▶ [DESCRIPTION OF THE TASK]: Write the records out exactly, so that no picture remains in the copy.

[Records from a collection]

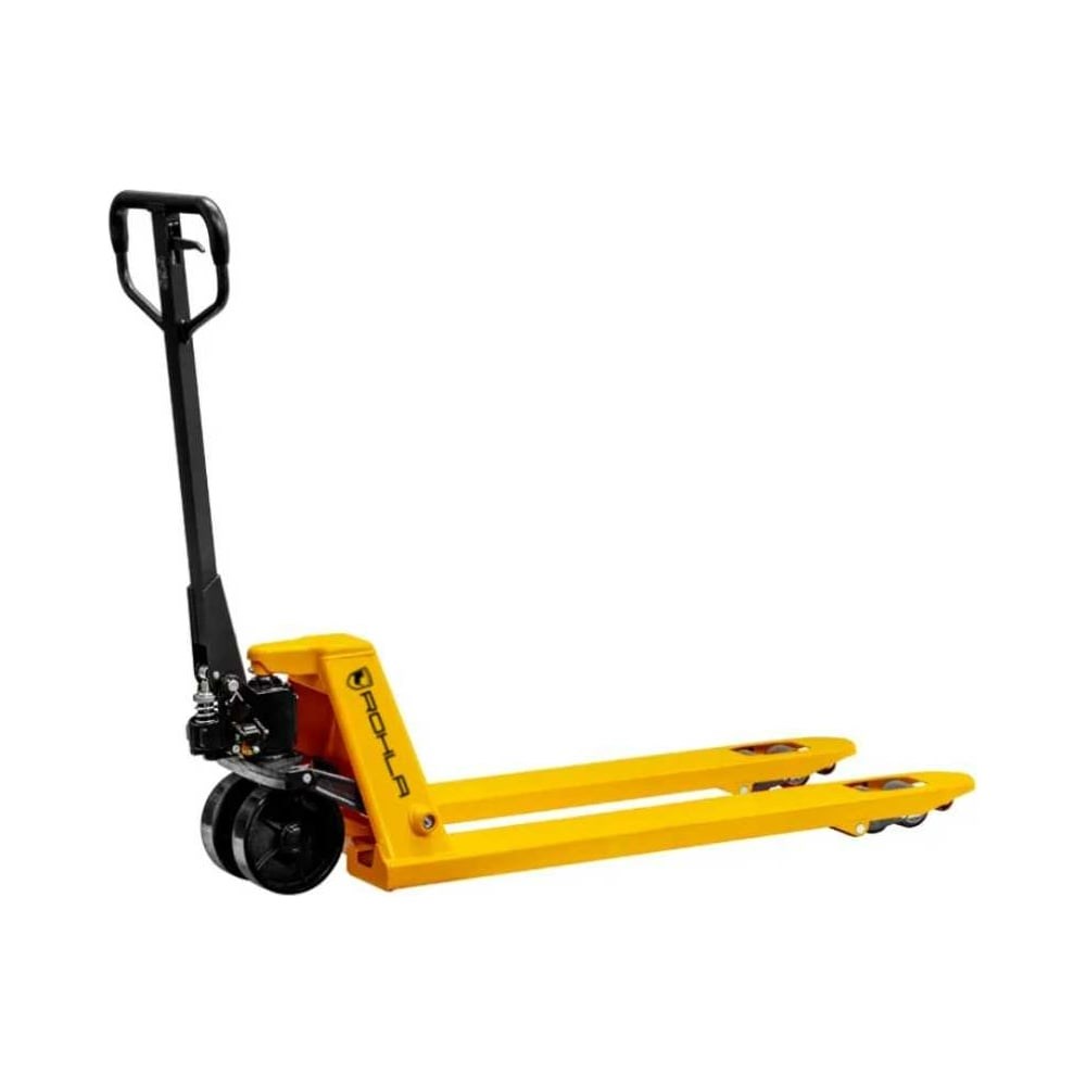 Гидравлическая тележка RohlaRhino г.п. 3 т, полиуретановые колеса RR3PDP имеет вилы с увеличенной толщиной металла, литой разборный гидроузел, обрезиненную рукоятку с усиленным основанием и регулируемые тяги.Дополнительно комплектуется вспомогательными подвилочными роликами и клапаном защиты от перегрузки, что делает работу с тележкой максимально простой и удобной.Ведущие колеса диаметром 180 мм из полиуретана и сдвоенные опорные ролики облегчают передвижение тележки с тяжелыми грузами и повышают плавность хода и легкость поворотов.
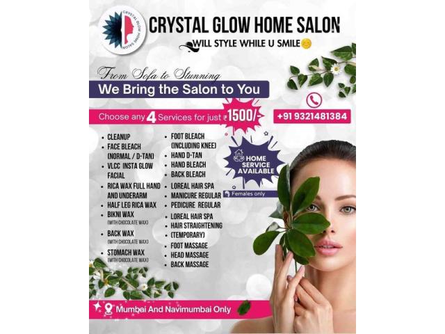 Crystal Glow Home Salon provides professional beauty services designed for comfort and convenience. All treatments are offered at your location, making it easy to maintain your routine without travel. Services are handled with care to match different skin and hair needs. The aim is to deliver consistent quality with hygienic practices. Each appointment is managed to give a smooth and reliable experience. Contact Us :-   9321481384 Timing :- 12 pm till 7 pm Everyday Email ID :-  crystalglow786@gmail.com Our Service Provide Under Rs 999/- Hair Spa Hair Straightening Foot Massage Head Massage Back Massage Facial Face Bleach Back Bleach Hand Bleach Hand Bleach Hand D -Tan Full Hand and Undera...
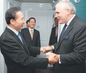 李明博總統當選人(左)和國家競爭力強華特別委員會David Gordon Eldon共同委員長,在5日早餐之前正握手問好。在這裏李當選人向Eldon委員長委託了積極引進外國人投資的活動。
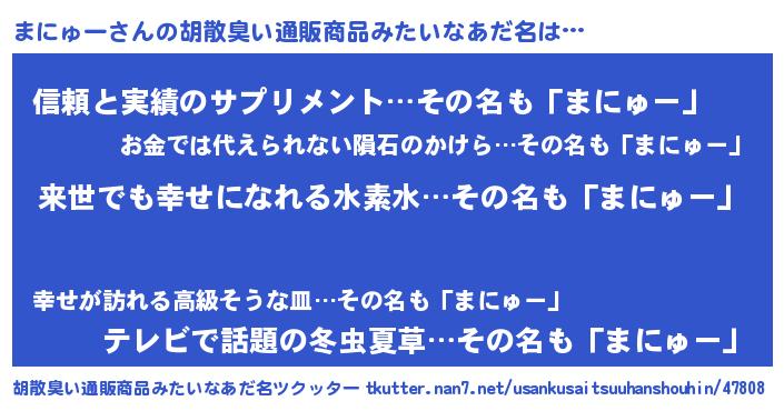 | 意味不明あだ名 | 『永久保存まにゅー』『自称まにゅー』 |
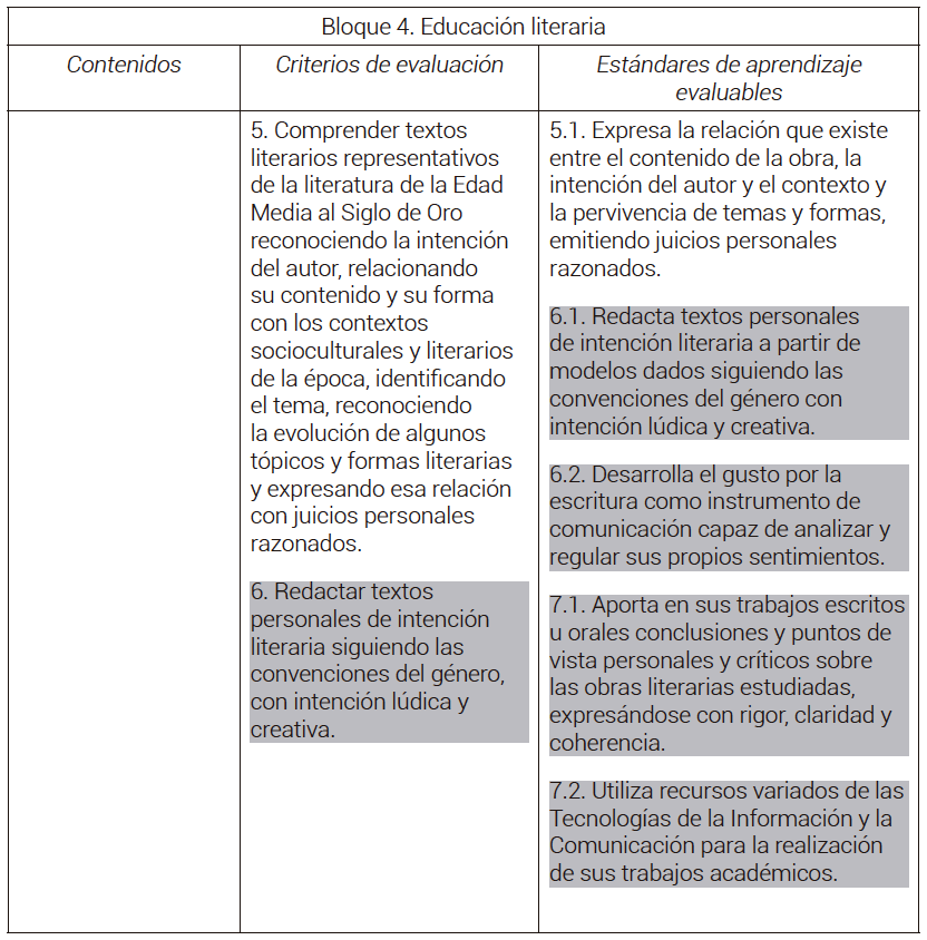De esta realidad educativa nace esta propuesta de actividades, con la modesta intención de ofrecer una serie de textos y cuestiones a partir de las que poder trabajar la literatura virreinal en el aula de Secundaria. Las obras y autores se han articulado en torno a los tres grandes géneros tradicionales: prosa, poesía y teatro. En cada uno de ellos se ha procurado trabajar un aspecto diferente de la lengua, y la literatura, además de valores cívicos (tolerancia, igualdad), relación con otras artes (pintura, literatura comparada), al igual que competencias como la expresión oral y escrita, el manejo de las TIC (redes sociales), etc. Asimismo, dentro de la literatura virreinal se han integrado piezas de literatura escrita por mujeres. En consecuencia, el conjunto de ejercicios didácticos que aquí se ofrecen pretende acercarse más a los contenidos, criterios de evaluación y estándares de aprendizaje recogidos en el Real Decreto de 2015. No se trata de una secuencia de actividades completa, sino de una suerte de guía de textos y actividades de índole transversal que deberán profundizarse y complementarse por el docente dependiendo de características específicas del aula como el tiempo, el nivel de conocimiento de los alumnos de la materia, las dificultades que puedan encontrar, etc. En la siguiente tabla, se muestran en blanco los aplicados por los libros de texto en su mayoría y en gris los que pueden alcanzarse mediante la implementación del tipo de actividades aquí planteadas.

▶ [FINISHED TASK]:
 Гидравлическая тележка RohlaRhino г.п. 3 т, полиуретановые колеса RR3PDP имеет вилы с увеличенной толщиной металла, литой разборный гидроузел, обрезиненную рукоятку с усиленным основанием и регулируемые тяги.Дополнительно комплектуется вспомогательными подвилочными роликами и клапаном защиты от перегрузки, что делает работу с тележкой максимально простой и удобной.Ведущие колеса диаметром 180 мм из полиуретана и сдвоенные опорные ролики облегчают передвижение тележки с тяжелыми грузами и повышают плавность хода и легкость поворотов.
 Crystal Glow Home Salon provides professional beauty services designed for comfort and convenience. All treatments are offered at your location, making it easy to maintain your routine without travel. Services are handled with care to match different skin and hair needs. The aim is to deliver consistent quality with hygienic practices. Each appointment is managed to give a smooth and reliable experience. Contact Us :-   9321481384 Timing :- 12 pm till 7 pm Everyday Email ID :-  crystalglow786@gmail.com Our Service Provide Under Rs 999/- Hair Spa Hair Straightening Foot Massage Head Massage Back Massage Facial Face Bleach Back Bleach Hand Bleach Hand Bleach Hand D -Tan Full Hand and Undera...
 李明博總統當選人(左)和國家競爭力強華特別委員會David Gordon Eldon共同委員長,在5日早餐之前正握手問好。在這裏李當選人向Eldon委員長委託了積極引進外國人投資的活動。
 | 意味不明あだ名 | 『永久保存まにゅー』『自称まにゅー』 |
De esta realidad educativa nace esta propuesta de actividades, con la modesta intención de ofrecer una serie de textos y cuestiones a partir de las que poder trabajar la literatura virreinal en el aula de Secundaria. Las obras y autores se han articulado en torno a los tres grandes géneros tradicionales: prosa, poesía y teatro. En cada uno de ellos se ha procurado trabajar un aspecto diferente de la lengua, y la literatura, además de valores cívicos (tolerancia, igualdad), relación con otras artes (pintura, literatura comparada), al igual que competencias como la expresión oral y escrita, el manejo de las TIC (redes sociales), etc. Asimismo, dentro de la literatura virreinal se han integrado piezas de literatura escrita por mujeres. En consecuencia, el conjunto de ejercicios didácticos que aquí se ofrecen pretende acercarse más a los contenidos, criterios de evaluación y estándares de aprendizaje recogidos en el Real Decreto de 2015. No se trata de una secuencia de actividades completa, sino de una suerte de guía de textos y actividades de índole transversal que deberán profundizarse y complementarse por el docente dependiendo de características específicas del aula como el tiempo, el nivel de conocimiento de los alumnos de la materia, las dificultades que puedan encontrar, etc. En la siguiente tabla, se muestran en blanco los aplicados por los libros de texto en su mayoría y en gris los que pueden alcanzarse mediante la implementación del tipo de actividades aquí planteadas.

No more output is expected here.